Urmila Matondkar is also very good as the anguished daughter who has to go through considerable personal sacrifice because of her responsibility towards her father. Urmila has come a long way since her Tanha Tanha gyrations of the Rangeela (1995) days that were her trademark for a long time. Rajat Kapur and Addy as her brothers lend conviction to their parts. The rest of the cast is adequate in their brief roles, including Parvin
Dabas, Prem Chopra, Raju Kher, Divya Jagdale and Vishwaas
Pandya. Boman Irani is completely over-the-top and over-theatrical in this largely realistic film. The ubiquitous Waheeda Rehman is as graceful as always in a brief role that also showcases her real-life commitment to the NGO
Pratham.
Jahnu Barua, the winner of several National awards and the recipient of a
Padmashree, is obviously a consummate filmmaker who can tell a sensitive story like this with great empathy, as long as the focus stays on the emotional appeal of the narrative.
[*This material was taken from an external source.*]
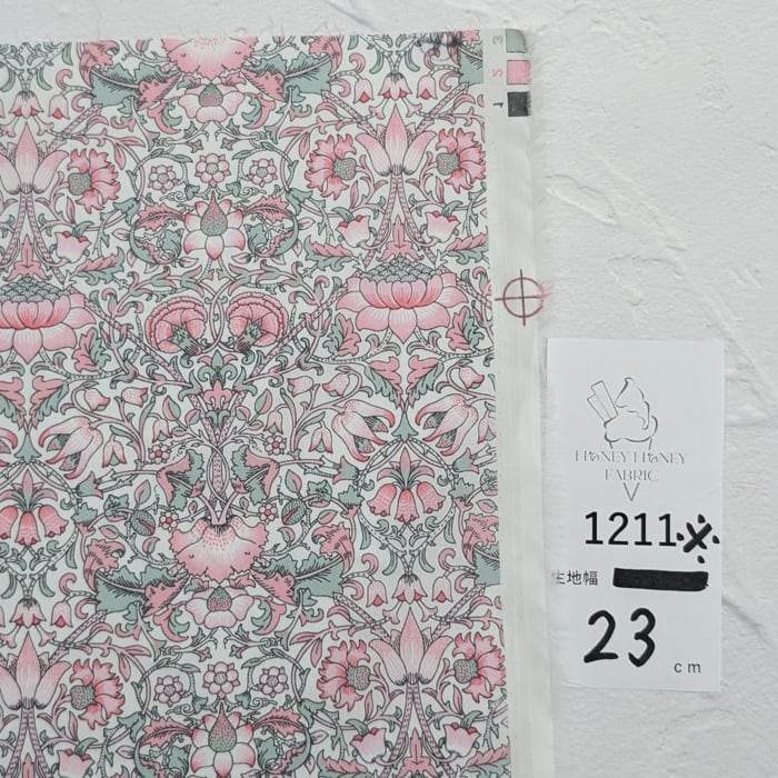 ・輸入リバティプリントには、耳(ミミ)部分に「LIBERTY」の文字が印刷されていないものが多くございます。また、ロゴがある場合でもカット位置により含まれない場合がございます。

It is also a technically flawless film, with beautiful cinematography by Raaj A
Chakarvarthy, meaningful dialogues by screenplay writer Sanjay Chauhan and a melodious background score by Bappi
Lahiri. Of particular significance is the evocative use of the ocean as a metaphor of a greater reality that has the ability to humble arrogance and pride and lead one to move outside the realm of the mundane. The ocean becomes a larger entity that engenders a sense of self-realization to those who have the ability to hear its voice.
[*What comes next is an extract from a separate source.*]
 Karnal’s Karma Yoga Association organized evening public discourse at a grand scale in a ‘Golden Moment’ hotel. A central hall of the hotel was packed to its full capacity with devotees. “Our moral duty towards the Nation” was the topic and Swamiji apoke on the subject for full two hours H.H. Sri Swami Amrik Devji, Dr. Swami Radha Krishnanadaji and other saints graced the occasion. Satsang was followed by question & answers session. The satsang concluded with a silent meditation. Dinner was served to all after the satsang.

On the whole, Maine Gandhi Ko Nahin Mara may not be a commercial success, but will be definitely appreciated as a thought provoking film that raises pertinent questions on many issues. It addresses the absence of an adequate support system or healthcare system to deal with mental, physical and social problems faced by geriatrics; criticizes ignorance that leads to prejudices and stigmas about mental illnesses: empathizes with the debilitating effect of diseases like Alzeimers on the victim and the trauma experienced by those that care for her or him. These issues are dealt with sensitivity and compassion. Barua shows us various facets of the tragedy an ordinary family faces as they try to cope with an extraordinary situation. Even as he exposes the negative traits in humans that emerge in adversity, he is not judgmental of any of the characters, who are no more than victims of circumstances. He explores the fear and uncertainty that a victim of mental diseases goes through and the trauma and helplessness of those that care for him fighting a losing battle against ailments that really have no cure and don’t have a support system where they can draw sustenance from.
I feel that the film would have been far more effective had it concentrated on the relationship between the father and the children. I feel that Barua has neutralized the impact of this frightening eventuality that any one of us can face at any time, by turning it into a morality play on the concept of a dead nationalism. Barua’s statements about the death of moral courage, of conscience, honesty, non-violence, tolerance, and the sterile and inhuman rat race for material success that contemporary India has turned into are valid and poignant truths of the global power that modern India is striving for. But did he really have to communicate this to us in an orchestrated and melodramatic Bollywood style court room drama aimed at exorcizing Professor Chaudhury’s misguided guilt and bring him back to sanity? The sermonizing and didactic tone and the implausibility of the conclusion are the only flaws in what could otherwise have been a classic story.